## WHAT YOU SHOULD DO
Return the material exactly, first line through the line containing "Pričvršćivanje na zid", and nothing more. Pictures stay out.

## STORED DATA
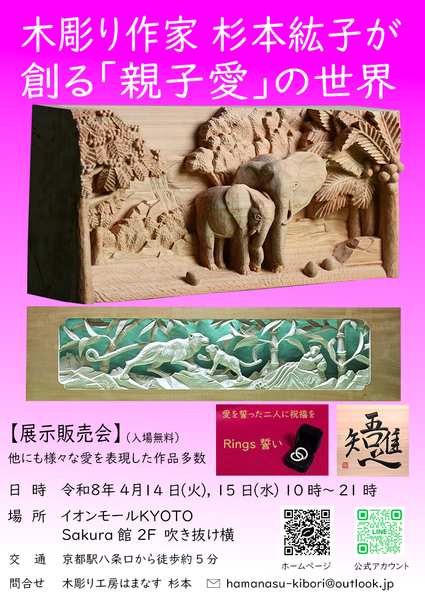期間中は木彫り作家 杉本紘子が常駐しますので、お気軽にお声かけください。
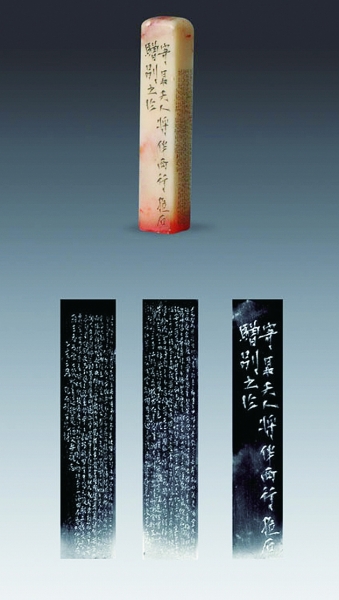 此方章為1935年日本東京傅抱石書畫篆刻作品展的原件。原印面為“一生都只為花忙”,后來傅抱石將印面磨去,改刻“劉芳”二字,贈予羅寄梅的夫人劉芳。在這方高4厘米,邊寬僅為7毫米的印章上,傅抱石用神鬼之筆刊刻了二百多字的“百花詩”,堪稱絕妙。傅抱石細(xì)字長跋的篆刻作品歷來極受學(xué)界贊譽,被認(rèn)為幾乎不可能用肉眼刊刻。1935年傅抱石在日本舉辦書畫篆刻作品展時,被日本學(xué)術(shù)界稱作“精神雕刻”,橫山大觀贊譽他“中國的雕刻大師壓倒了日本的‘粒米能手’”。據(jù)傅抱石自己說,刻這方印章時是不用肉眼看的,完全憑感覺一氣呵成。從年款來看,百花詩就刻于乙亥年(1935)。有關(guān)資料記載,在傅抱石的篆刻生涯中,微刻邊款的印章一共有九件,如今一件藏于江西省博物館,為館藏一級文物,四件藏于南京博物院,為傅抱石家屬捐獻,其余四件均已流散。傅抱石的微刻邊款妙在用刀,有筆鋒的韻味,因此傅抱石微刻邊款在篆刻界仍保持著獨一無二的首創(chuàng)性。此微雕方章在今年的嘉德秋拍中,以281.75萬元成交。 |
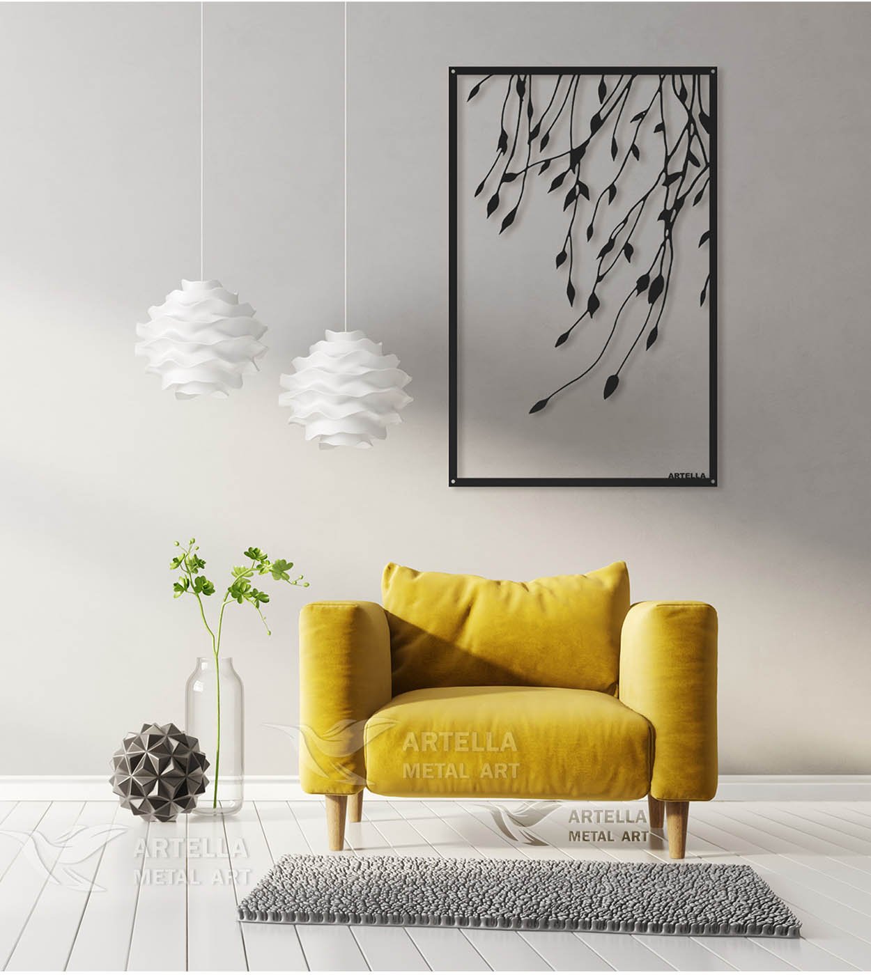 Pričvršćivanje na zid je veoma jednostavno. Sa svakim dizajnom šaljemo vam četiri crna vijka, četiri distancera i četiri tiple za zid (Ovo vazi samo za Slike). Većina naših dizajna već ima napravljene rupe unaprijed, tako da ćete znati gdje postaviti vijke. Prvo stavljate tiple u zid, zatim postavljate vijak na dizajn, i s zadnje strane stavljate distancere, pričvršćujete na zid… to je to. Nemamo uslugu montaže, tako da sami postavljate na zid.
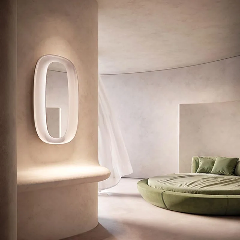 Die Korum Parete von Cini & Nils ist eine stilvolle Wandleuchte, die vom renommierten Designer Karim Rashid entworfen wurde. Mit ihrem flachen, ovalen Schirm aus hochwertigem Kunststoff verkörpert sie ein modernes, futuristisches Design, das sich nahtlos in minimalistische und zeitgenössische Wohnstile einfügt.

## SOLUTION TO THE EXERCISE
期間中は木彫り作家 杉本紘子が常駐しますので、お気軽にお声かけください。
 此方章為1935年日本東京傅抱石書畫篆刻作品展的原件。原印面為“一生都只為花忙”,后來傅抱石將印面磨去,改刻“劉芳”二字,贈予羅寄梅的夫人劉芳。在這方高4厘米,邊寬僅為7毫米的印章上,傅抱石用神鬼之筆刊刻了二百多字的“百花詩”,堪稱絕妙。傅抱石細(xì)字長跋的篆刻作品歷來極受學(xué)界贊譽,被認(rèn)為幾乎不可能用肉眼刊刻。1935年傅抱石在日本舉辦書畫篆刻作品展時,被日本學(xué)術(shù)界稱作“精神雕刻”,橫山大觀贊譽他“中國的雕刻大師壓倒了日本的‘粒米能手’”。據(jù)傅抱石自己說,刻這方印章時是不用肉眼看的,完全憑感覺一氣呵成。從年款來看,百花詩就刻于乙亥年(1935)。有關(guān)資料記載,在傅抱石的篆刻生涯中,微刻邊款的印章一共有九件,如今一件藏于江西省博物館,為館藏一級文物,四件藏于南京博物院,為傅抱石家屬捐獻,其余四件均已流散。傅抱石的微刻邊款妙在用刀,有筆鋒的韻味,因此傅抱石微刻邊款在篆刻界仍保持著獨一無二的首創(chuàng)性。此微雕方章在今年的嘉德秋拍中,以281.75萬元成交。 |
 Pričvršćivanje na zid je veoma jednostavno. Sa svakim dizajnom šaljemo vam četiri crna vijka, četiri distancera i četiri tiple za zid (Ovo vazi samo za Slike). Većina naših dizajna već ima napravljene rupe unaprijed, tako da ćete znati gdje postaviti vijke. Prvo stavljate tiple u zid, zatim postavljate vijak na dizajn, i s zadnje strane stavljate distancere, pričvršćujete na zid… to je to. Nemamo uslugu montaže, tako da sami postavljate na zid.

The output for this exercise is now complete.